From the list of ingredients, this cat food does contain several allergy causing ingredients. It is, therefore, advisable to avoid feeding your cat on this dry formula if it suffers from allergies.

Healthy ingredients that should be used in cat foods

Meat based protein sources – This ingredient is considered to be low quality because it is almost impossible to tell what is included here. When labels are very generic, it can be an indication the company is trying to hide a certain controversial ingredient. In this case, meat based protein sources can mean almost anything. There are a lot of different types of meat out there and they all will supply “protein sources” for a cat, but what animal is the meat coming from? What protein sources are they talking about. This is a labeled ingredient that is highly questionable and we are very untrusting of it.

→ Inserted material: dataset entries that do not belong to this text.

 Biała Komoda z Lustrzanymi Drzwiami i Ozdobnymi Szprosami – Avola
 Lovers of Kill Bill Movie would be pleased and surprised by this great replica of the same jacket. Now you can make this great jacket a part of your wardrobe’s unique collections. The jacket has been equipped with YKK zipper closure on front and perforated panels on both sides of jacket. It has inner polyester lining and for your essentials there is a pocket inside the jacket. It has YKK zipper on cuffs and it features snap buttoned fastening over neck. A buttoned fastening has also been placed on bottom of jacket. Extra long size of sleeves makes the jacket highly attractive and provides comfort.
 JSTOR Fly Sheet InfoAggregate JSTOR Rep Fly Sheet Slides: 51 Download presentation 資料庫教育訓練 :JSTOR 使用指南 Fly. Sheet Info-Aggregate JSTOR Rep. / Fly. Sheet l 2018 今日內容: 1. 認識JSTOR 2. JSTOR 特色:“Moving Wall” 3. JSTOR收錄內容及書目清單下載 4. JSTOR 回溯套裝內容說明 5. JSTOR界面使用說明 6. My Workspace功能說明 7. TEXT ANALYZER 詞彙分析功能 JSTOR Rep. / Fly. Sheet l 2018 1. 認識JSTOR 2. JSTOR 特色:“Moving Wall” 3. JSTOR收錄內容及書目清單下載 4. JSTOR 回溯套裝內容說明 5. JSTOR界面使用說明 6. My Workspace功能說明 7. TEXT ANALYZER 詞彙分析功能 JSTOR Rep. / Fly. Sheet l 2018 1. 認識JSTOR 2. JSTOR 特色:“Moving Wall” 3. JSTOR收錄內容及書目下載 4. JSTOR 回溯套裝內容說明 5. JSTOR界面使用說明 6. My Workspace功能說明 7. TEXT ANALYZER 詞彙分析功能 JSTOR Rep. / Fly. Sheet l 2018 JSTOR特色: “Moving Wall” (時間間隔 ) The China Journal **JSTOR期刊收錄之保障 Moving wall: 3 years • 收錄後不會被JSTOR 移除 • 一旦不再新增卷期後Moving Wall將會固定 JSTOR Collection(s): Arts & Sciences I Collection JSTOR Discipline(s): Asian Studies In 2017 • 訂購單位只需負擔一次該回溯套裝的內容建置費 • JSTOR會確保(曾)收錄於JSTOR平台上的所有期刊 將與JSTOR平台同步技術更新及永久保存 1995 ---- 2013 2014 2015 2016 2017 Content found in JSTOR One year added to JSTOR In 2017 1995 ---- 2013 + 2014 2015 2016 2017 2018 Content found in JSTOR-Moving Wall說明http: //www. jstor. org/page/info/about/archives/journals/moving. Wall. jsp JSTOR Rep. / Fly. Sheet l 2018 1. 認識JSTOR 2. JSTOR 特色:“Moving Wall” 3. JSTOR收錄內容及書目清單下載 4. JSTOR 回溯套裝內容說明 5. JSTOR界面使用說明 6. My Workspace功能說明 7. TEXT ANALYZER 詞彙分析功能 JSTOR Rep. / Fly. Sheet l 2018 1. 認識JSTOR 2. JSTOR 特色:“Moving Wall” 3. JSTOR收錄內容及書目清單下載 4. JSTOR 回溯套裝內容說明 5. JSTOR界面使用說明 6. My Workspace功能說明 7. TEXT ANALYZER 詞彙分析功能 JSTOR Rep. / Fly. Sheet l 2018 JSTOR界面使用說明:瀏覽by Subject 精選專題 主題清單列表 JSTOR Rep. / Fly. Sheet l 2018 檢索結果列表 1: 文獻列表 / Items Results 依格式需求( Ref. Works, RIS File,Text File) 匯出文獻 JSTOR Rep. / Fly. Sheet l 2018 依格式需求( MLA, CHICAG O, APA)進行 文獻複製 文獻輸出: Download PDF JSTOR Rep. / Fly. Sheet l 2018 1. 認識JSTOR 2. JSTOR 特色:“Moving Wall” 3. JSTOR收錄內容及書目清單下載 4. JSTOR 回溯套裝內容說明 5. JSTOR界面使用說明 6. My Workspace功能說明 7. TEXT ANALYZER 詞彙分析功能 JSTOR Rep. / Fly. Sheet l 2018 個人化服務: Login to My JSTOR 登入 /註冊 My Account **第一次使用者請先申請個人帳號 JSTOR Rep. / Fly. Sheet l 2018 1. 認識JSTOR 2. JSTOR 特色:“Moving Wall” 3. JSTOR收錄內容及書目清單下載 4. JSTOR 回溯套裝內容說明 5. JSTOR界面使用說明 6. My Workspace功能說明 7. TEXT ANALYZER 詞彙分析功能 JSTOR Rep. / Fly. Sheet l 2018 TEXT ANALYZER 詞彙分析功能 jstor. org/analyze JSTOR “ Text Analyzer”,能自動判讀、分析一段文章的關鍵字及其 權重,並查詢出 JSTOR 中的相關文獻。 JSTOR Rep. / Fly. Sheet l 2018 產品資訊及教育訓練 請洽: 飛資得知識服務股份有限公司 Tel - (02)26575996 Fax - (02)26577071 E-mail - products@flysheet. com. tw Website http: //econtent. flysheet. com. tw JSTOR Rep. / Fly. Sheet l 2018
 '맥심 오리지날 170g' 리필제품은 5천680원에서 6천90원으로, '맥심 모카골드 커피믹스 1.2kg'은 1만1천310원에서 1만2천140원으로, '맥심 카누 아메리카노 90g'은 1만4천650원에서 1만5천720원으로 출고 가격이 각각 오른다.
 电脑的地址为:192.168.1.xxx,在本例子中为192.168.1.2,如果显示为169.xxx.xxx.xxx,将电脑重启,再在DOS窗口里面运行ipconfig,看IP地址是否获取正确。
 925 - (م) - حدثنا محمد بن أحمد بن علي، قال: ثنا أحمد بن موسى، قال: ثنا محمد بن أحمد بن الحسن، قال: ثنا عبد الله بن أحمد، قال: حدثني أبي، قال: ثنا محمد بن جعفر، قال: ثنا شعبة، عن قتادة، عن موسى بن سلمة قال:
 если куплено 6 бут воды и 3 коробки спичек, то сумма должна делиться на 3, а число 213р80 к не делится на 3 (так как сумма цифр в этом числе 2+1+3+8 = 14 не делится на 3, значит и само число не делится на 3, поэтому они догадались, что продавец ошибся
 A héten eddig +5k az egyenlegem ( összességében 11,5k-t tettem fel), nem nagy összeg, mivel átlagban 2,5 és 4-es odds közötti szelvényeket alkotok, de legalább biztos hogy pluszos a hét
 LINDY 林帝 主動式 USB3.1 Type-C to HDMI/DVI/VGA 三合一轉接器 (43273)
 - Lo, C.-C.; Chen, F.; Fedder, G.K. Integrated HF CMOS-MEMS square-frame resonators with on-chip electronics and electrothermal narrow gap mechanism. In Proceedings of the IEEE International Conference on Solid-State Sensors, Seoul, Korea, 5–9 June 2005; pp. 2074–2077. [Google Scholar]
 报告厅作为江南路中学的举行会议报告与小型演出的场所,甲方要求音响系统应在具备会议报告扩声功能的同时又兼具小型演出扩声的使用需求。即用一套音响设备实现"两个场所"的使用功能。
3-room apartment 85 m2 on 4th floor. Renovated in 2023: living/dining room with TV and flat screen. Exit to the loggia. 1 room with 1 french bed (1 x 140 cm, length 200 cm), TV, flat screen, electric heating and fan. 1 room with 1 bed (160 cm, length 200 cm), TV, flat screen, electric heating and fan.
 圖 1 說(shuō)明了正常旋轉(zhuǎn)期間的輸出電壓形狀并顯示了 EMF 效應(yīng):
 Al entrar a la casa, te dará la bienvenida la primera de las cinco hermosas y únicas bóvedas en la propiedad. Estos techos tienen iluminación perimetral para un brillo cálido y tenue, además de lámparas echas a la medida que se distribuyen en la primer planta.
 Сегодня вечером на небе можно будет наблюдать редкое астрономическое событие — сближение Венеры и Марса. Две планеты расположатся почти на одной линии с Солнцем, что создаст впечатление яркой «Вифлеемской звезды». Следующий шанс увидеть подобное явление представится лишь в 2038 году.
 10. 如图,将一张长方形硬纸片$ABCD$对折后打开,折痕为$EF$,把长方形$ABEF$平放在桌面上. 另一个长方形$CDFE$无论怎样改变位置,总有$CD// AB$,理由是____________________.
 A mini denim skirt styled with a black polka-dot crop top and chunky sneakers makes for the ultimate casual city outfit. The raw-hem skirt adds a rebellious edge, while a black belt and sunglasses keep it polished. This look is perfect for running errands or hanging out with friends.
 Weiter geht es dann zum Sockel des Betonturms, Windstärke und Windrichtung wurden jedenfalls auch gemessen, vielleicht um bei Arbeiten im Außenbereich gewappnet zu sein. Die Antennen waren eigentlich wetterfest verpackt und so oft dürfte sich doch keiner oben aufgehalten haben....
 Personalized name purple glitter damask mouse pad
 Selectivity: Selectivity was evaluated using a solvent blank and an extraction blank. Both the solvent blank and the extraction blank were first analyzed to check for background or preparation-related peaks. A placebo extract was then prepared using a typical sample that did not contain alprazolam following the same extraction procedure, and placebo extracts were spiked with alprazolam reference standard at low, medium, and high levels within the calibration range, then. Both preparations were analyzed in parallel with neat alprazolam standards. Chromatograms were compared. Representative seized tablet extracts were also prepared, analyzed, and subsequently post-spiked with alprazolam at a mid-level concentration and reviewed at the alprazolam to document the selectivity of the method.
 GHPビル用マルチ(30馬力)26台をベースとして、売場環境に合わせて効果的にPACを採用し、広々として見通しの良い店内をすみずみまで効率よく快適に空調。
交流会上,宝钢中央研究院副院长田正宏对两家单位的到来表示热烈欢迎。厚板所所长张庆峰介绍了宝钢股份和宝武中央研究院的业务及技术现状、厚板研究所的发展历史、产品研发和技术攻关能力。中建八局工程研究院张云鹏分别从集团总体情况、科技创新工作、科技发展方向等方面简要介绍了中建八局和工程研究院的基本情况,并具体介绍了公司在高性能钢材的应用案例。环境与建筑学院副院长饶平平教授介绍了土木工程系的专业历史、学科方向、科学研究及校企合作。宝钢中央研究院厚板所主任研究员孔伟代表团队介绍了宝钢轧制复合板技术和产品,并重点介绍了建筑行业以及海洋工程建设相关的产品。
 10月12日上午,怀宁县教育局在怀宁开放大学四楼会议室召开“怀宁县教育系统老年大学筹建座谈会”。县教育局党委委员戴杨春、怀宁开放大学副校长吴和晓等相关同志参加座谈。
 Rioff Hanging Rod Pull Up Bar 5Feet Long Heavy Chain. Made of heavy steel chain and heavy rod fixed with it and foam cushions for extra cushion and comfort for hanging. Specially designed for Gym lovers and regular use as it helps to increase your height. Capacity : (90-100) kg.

Vegetables – This is a pretty generic ingredient and it can include virtually any vegetable. Because of this, we are unable to properly analyze this ingredient. However, since cats are obligate carnivores, they do not gain much of any nutritional benefit from vegetables. That being said, in nature, cats almost always consume the stomach contents of their prey which usually includes various fruits and vegetables. It’s unfortunate this labeling is so generic as we are unable to vouch for the quality of the vegetables included.


Judging from the list of ingredients on the Friskies indoor delights (dry) cat formula, it is a low quality formula. It contains low quality ingredients comprising of allergens. This formula is unsuitable for cats with food sensitivities.